How to complete this task
Make an exact copy of the listing below. Pictures stay out of it.

═════ Data segment ═════

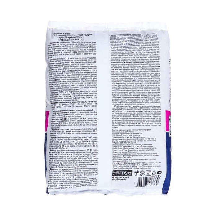 Удобрение "ГЕРА" для Картофеля, моркови и свеклы, с диатомитом, 0,9 кг
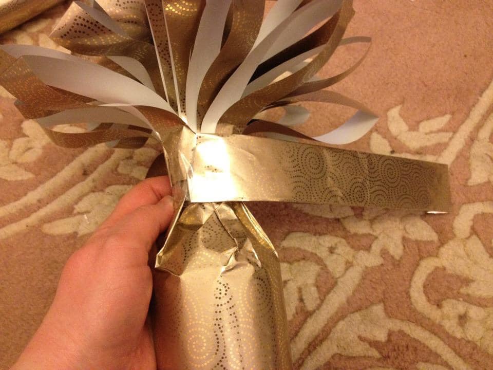 Scrunch the top tight and use LOTS of sellotape. It's got to hold all the frills so you don't want it being flimsy here. Don't worry about it looking messy, you won't see this part later.
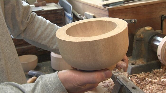 「木を見極め適切な角度で刃を入れる」…粗挽きのお椀を熟練の技で
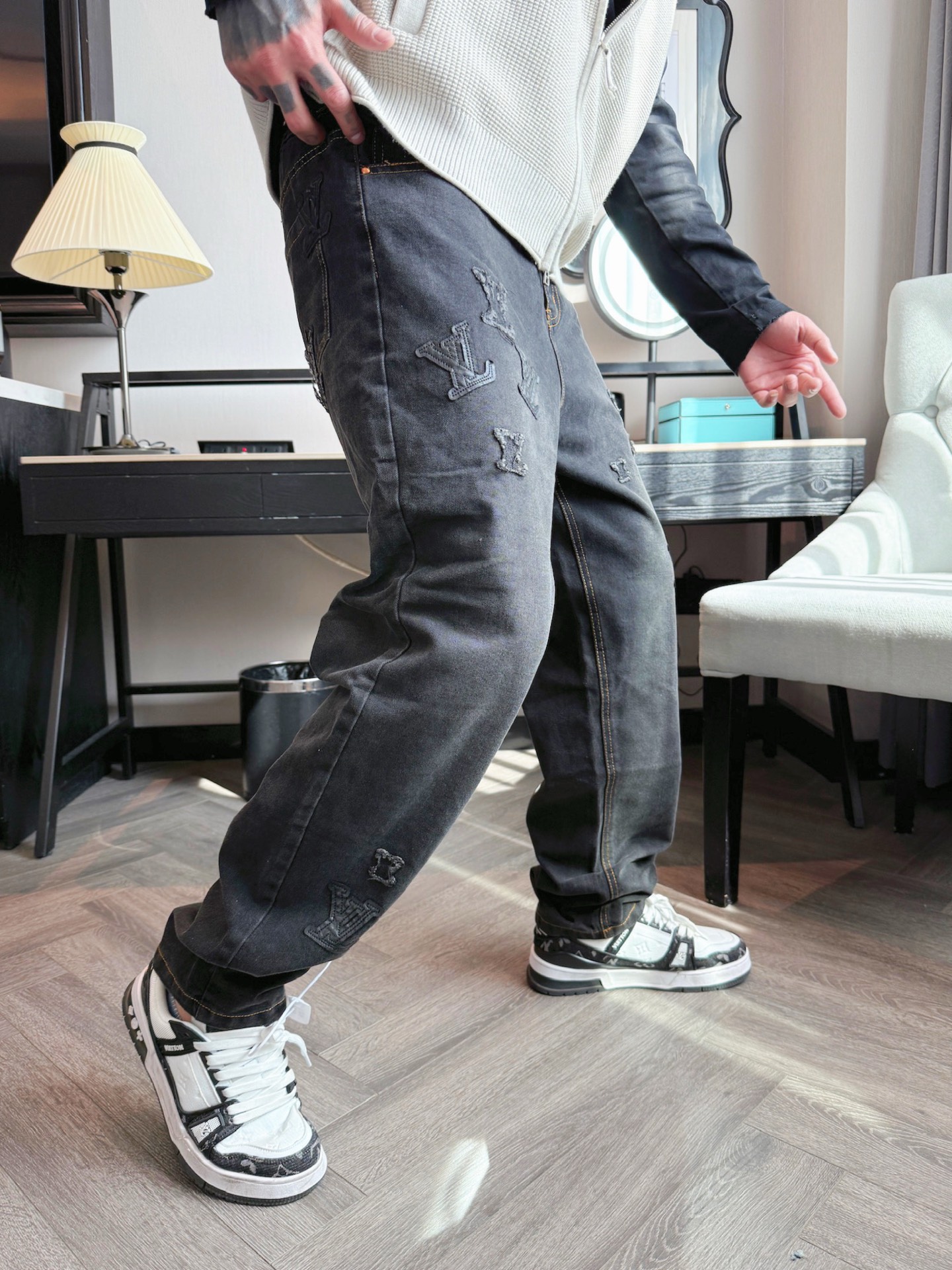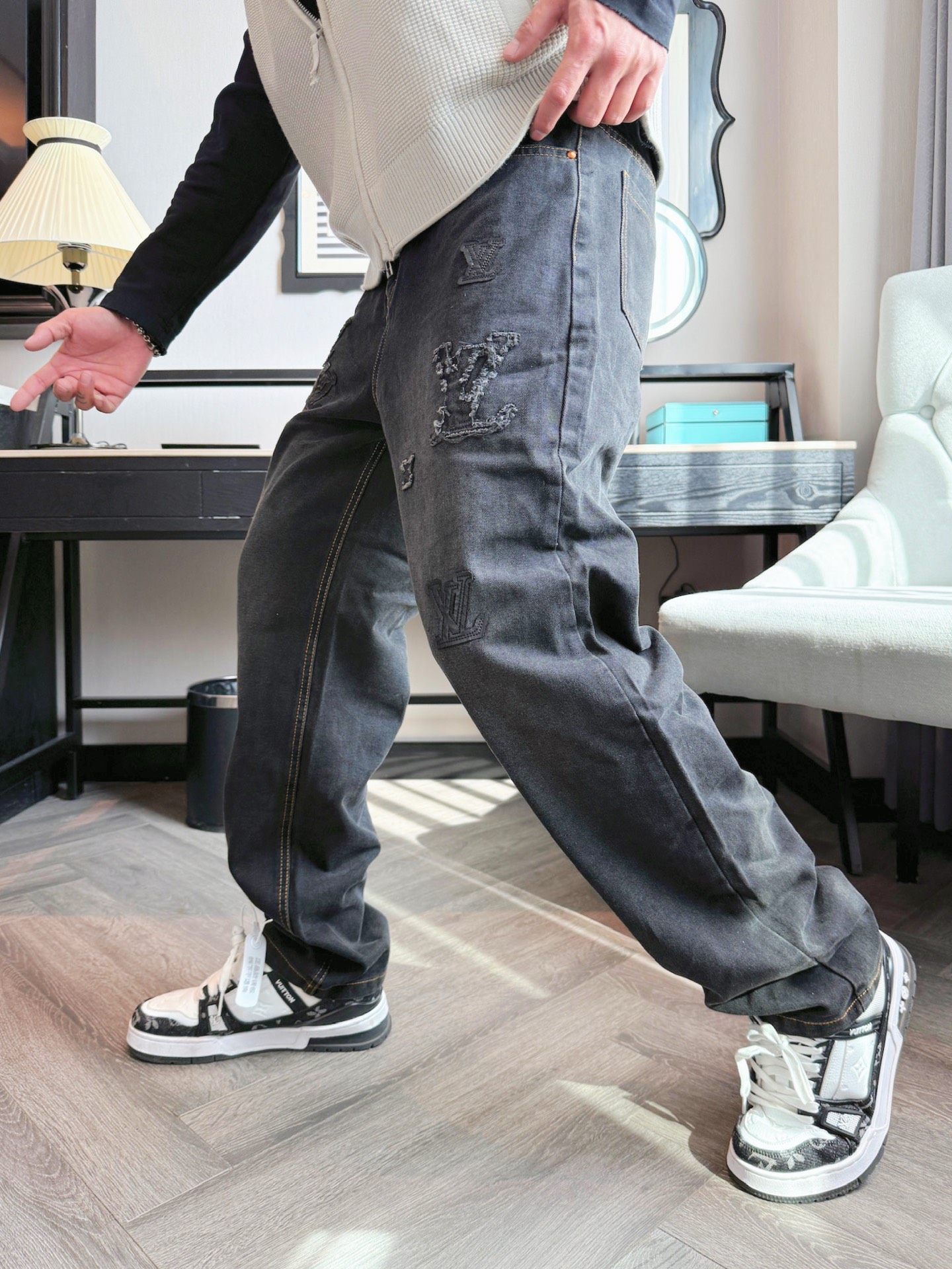 這款衣服是AAAAA 1:1 質量(非常棒). 使用了和原版一模一樣的材料. 商標部分也保持了和路易威登/Louis Vuitton一樣. 圖片拍攝是實物衣服拍攝, 您所收到的實物保證和我們圖片一模一樣.

═════

Solution to this exercise
 Удобрение "ГЕРА" для Картофеля, моркови и свеклы, с диатомитом, 0,9 кг
 Scrunch the top tight and use LOTS of sellotape. It's got to hold all the frills so you don't want it being flimsy here. Don't worry about it looking messy, you won't see this part later.
 「木を見極め適切な角度で刃を入れる」…粗挽きのお椀を熟練の技で
 這款衣服是AAAAA 1:1 質量(非常棒). 使用了和原版一模一樣的材料. 商標部分也保持了和路易威登/Louis Vuitton一樣. 圖片拍攝是實物衣服拍攝, 您所收到的實物保證和我們圖片一模一樣.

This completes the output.